Três municípios recebem primeiras doses da vacina de dose única contra a dengue.
A estratégia tem como objetivo avaliar os resultados da
cobertura vacinal de pelo menos 50% dos moradores dessas cidades. O
público-alvo é formado por pessoas de 15 a 59 anos.
As doses fazem parte do contrato firmado entre o Ministério
da Saúde e o Instituto Butantan para a aquisição de 3,9 milhões de vacinas, que
serão distribuídas exclusivamente pelo SUS. O investimento total é de R$ 368
milhões. Segundo a pasta, o primeiro lote, com 1,3 milhão de doses, também será
destinado à imunização de profissionais da atenção primária que atuam nas
unidades básicas de saúde (UBS).
Ampliação da estratégia de imunização
O acordo prevê ainda a transferência da tecnologia
desenvolvida pelo Instituto Butantan para a empresa chinesa WuXi Vaccines, o
que poderá ampliar gradualmente a capacidade de produção nacional em até 30
vezes.
A estratégia de imunização começará pelos adultos de 59 anos
e será expandida de forma progressiva para faixas etárias mais jovens, até
alcançar pessoas a partir dos 15 anos.
Atualmente, o SUS também disponibiliza a vacina contra a
dengue produzida por um laboratório japonês, indicada para adolescentes de 10 a
14 anos e aplicada em duas doses.
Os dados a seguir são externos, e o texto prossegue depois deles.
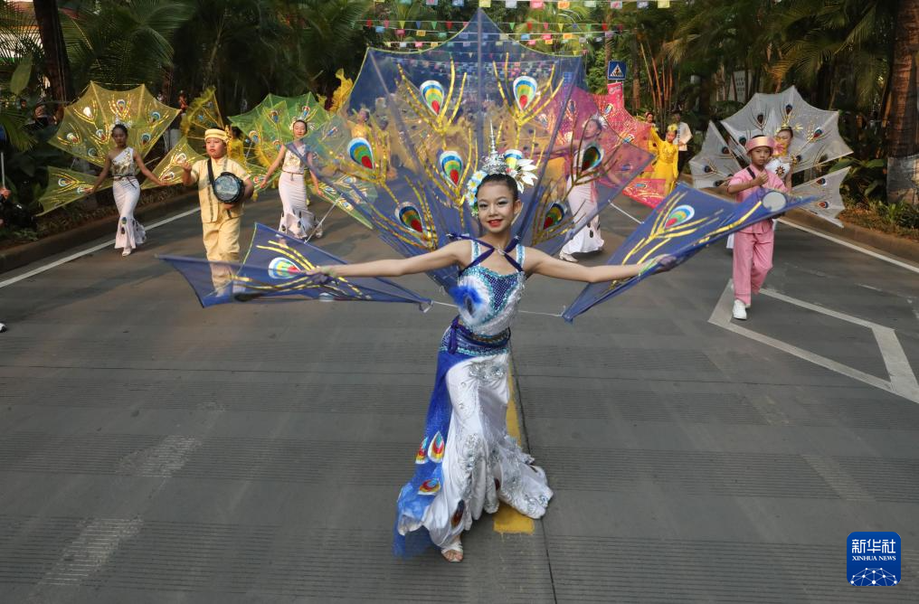 当日,云南省西双版纳傣族自治州在景洪市举办泼水节民族民间传统文化游演活动,各族群众代表身着节日盛装载歌载舞,向市民和游客展示了丰富多彩的少数民族传统文化。
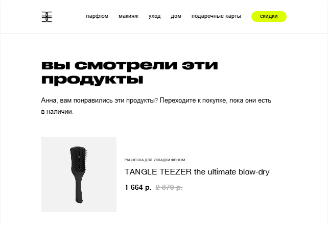Email-кампания для сегмента «просматривали товары, но не купили». Магазин напоминает пользователю о товарах, которые он изучал на сайте

Desde a incorporação do imunizante, em 2024,
foram distribuídas 11,1 milhões de doses, das quais 7,8 milhões foram
efetivamente administradas.
Eficácia da vacina de dose única
A vacina contra a dengue desenvolvida pelo Instituto Butantan
foi aprovada pela Agência Nacional de Vigilância Sanitária (Anvisa) após a
análise de dados de cinco anos de acompanhamento de 16 mil voluntários
participantes do ensaio clínico.
Na faixa etária de 12 a 59 anos, o imunizante apresentou
eficácia geral de 74,7% e proteção de 91,6% contra casos graves da doença e
quadros com sinais de alarme.
Além disso, a vacina também se mostrou eficaz em reduzir a
carga viral em pessoas infectadas pelo vírus da dengue. A conclusão foi
publicada na revista The Lancet Regional Health - Americas. Segundo a pesquisa,
embora alguns vacinados tenham apresentado infecção após a imunização, a
quantidade de vírus foi significativamente menor em comparação com os
participantes não vacinados, o que tende a resultar em quadros menos graves da
doença.
Para o levantamento, os pesquisadores analisaram amostras de
365 voluntários que apresentaram dengue sintomática entre 2016 e 2021, em 14
estados brasileiros.
Número de casos de dengue
Em 2025, o Brasil registrou 1.705.535 casos prováveis de
dengue, segundo dados do Ministério da Saúde. No ano passado, a doença provocou
1.776 mortes, enquanto outros 207 óbitos ainda estão sob investigação. Os dados
constam no Painel de Monitoramento das Arboviroses da pasta.
Segundo o ministério, esses números representam uma queda de
74% nos casos prováveis de dengue e 72% no número de mortes em relação a 2024,
quando foram contabilizados 6.563.561 casos prováveis e 6.321 óbitos.
Entre as regiões do país, o Sudeste lidera em número de casos
prováveis, com 1.171.467 registros, seguido pelo Sul (224.647), Centro-Oeste
(162.275), Nordeste (103.758) e Norte (41.348).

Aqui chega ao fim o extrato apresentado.